> [Source material]
^^^^

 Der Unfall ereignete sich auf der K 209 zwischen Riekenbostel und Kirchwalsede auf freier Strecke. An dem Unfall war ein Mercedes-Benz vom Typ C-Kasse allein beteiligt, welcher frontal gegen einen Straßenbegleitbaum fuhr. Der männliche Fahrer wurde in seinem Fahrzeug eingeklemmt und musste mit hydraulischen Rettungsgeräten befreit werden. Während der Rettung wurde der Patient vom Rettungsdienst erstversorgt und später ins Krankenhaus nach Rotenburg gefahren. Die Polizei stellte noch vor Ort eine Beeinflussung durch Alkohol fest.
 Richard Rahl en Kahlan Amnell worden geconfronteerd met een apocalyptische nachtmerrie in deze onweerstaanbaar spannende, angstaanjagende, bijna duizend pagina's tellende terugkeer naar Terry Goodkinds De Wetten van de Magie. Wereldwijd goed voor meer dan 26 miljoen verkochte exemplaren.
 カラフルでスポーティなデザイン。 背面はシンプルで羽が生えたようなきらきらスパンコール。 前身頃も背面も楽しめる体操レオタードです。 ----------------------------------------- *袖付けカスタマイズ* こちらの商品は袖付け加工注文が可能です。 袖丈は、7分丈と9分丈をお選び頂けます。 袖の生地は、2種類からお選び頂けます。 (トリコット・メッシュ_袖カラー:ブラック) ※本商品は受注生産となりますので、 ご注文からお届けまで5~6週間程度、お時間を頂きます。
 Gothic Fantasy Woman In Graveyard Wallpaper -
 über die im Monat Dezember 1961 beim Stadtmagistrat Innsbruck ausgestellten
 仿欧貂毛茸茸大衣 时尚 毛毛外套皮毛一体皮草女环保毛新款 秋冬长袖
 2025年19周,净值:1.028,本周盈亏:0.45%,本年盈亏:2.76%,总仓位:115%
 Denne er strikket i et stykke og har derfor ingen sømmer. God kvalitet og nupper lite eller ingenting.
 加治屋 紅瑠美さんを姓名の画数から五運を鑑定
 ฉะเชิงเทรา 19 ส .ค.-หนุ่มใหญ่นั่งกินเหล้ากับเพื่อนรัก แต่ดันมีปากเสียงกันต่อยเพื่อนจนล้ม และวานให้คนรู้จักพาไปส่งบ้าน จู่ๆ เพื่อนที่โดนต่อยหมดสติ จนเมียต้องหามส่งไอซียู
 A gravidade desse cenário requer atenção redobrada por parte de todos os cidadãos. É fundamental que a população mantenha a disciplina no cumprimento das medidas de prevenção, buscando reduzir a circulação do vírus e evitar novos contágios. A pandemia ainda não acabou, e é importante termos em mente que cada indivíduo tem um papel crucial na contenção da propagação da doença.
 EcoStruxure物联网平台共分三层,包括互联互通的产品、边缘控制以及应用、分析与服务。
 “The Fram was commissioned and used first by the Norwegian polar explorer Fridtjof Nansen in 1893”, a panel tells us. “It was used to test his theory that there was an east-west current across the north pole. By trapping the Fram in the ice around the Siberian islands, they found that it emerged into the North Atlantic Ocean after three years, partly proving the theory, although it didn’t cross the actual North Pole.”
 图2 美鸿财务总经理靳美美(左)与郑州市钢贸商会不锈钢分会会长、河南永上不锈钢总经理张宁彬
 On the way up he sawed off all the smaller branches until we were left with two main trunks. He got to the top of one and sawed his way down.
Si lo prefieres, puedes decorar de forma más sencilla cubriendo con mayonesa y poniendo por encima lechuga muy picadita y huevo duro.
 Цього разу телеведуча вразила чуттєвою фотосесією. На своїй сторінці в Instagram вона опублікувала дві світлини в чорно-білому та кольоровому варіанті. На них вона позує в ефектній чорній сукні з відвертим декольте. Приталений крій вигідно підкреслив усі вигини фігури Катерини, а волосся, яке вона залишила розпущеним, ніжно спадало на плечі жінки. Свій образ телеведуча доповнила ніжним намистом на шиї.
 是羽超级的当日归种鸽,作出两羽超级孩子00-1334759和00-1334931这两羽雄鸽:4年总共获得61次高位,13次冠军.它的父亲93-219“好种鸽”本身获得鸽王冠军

^^^^

> [Exercise aim] Out of the entries above, write out only the lines between the line holding "Richard Rahl en" and the line holding "On the way up", inclusive, each exactly as given.

> [Result of this exercise]
 Richard Rahl en Kahlan Amnell worden geconfronteerd met een apocalyptische nachtmerrie in deze onweerstaanbaar spannende, angstaanjagende, bijna duizend pagina's tellende terugkeer naar Terry Goodkinds De Wetten van de Magie. Wereldwijd goed voor meer dan 26 miljoen verkochte exemplaren.
 カラフルでスポーティなデザイン。 背面はシンプルで羽が生えたようなきらきらスパンコール。 前身頃も背面も楽しめる体操レオタードです。 ----------------------------------------- *袖付けカスタマイズ* こちらの商品は袖付け加工注文が可能です。 袖丈は、7分丈と9分丈をお選び頂けます。 袖の生地は、2種類からお選び頂けます。 (トリコット・メッシュ_袖カラー:ブラック) ※本商品は受注生産となりますので、 ご注文からお届けまで5~6週間程度、お時間を頂きます。
 Gothic Fantasy Woman In Graveyard Wallpaper -
 über die im Monat Dezember 1961 beim Stadtmagistrat Innsbruck ausgestellten
 仿欧貂毛茸茸大衣 时尚 毛毛外套皮毛一体皮草女环保毛新款 秋冬长袖
 2025年19周,净值:1.028,本周盈亏:0.45%,本年盈亏:2.76%,总仓位:115%
 Denne er strikket i et stykke og har derfor ingen sømmer. God kvalitet og nupper lite eller ingenting.
 加治屋 紅瑠美さんを姓名の画数から五運を鑑定
 ฉะเชิงเทรา 19 ส .ค.-หนุ่มใหญ่นั่งกินเหล้ากับเพื่อนรัก แต่ดันมีปากเสียงกันต่อยเพื่อนจนล้ม และวานให้คนรู้จักพาไปส่งบ้าน จู่ๆ เพื่อนที่โดนต่อยหมดสติ จนเมียต้องหามส่งไอซียู
 A gravidade desse cenário requer atenção redobrada por parte de todos os cidadãos. É fundamental que a população mantenha a disciplina no cumprimento das medidas de prevenção, buscando reduzir a circulação do vírus e evitar novos contágios. A pandemia ainda não acabou, e é importante termos em mente que cada indivíduo tem um papel crucial na contenção da propagação da doença.
 EcoStruxure物联网平台共分三层,包括互联互通的产品、边缘控制以及应用、分析与服务。
 “The Fram was commissioned and used first by the Norwegian polar explorer Fridtjof Nansen in 1893”, a panel tells us. “It was used to test his theory that there was an east-west current across the north pole. By trapping the Fram in the ice around the Siberian islands, they found that it emerged into the North Atlantic Ocean after three years, partly proving the theory, although it didn’t cross the actual North Pole.”
 图2 美鸿财务总经理靳美美(左)与郑州市钢贸商会不锈钢分会会长、河南永上不锈钢总经理张宁彬
 On the way up he sawed off all the smaller branches until we were left with two main trunks. He got to the top of one and sawed his way down.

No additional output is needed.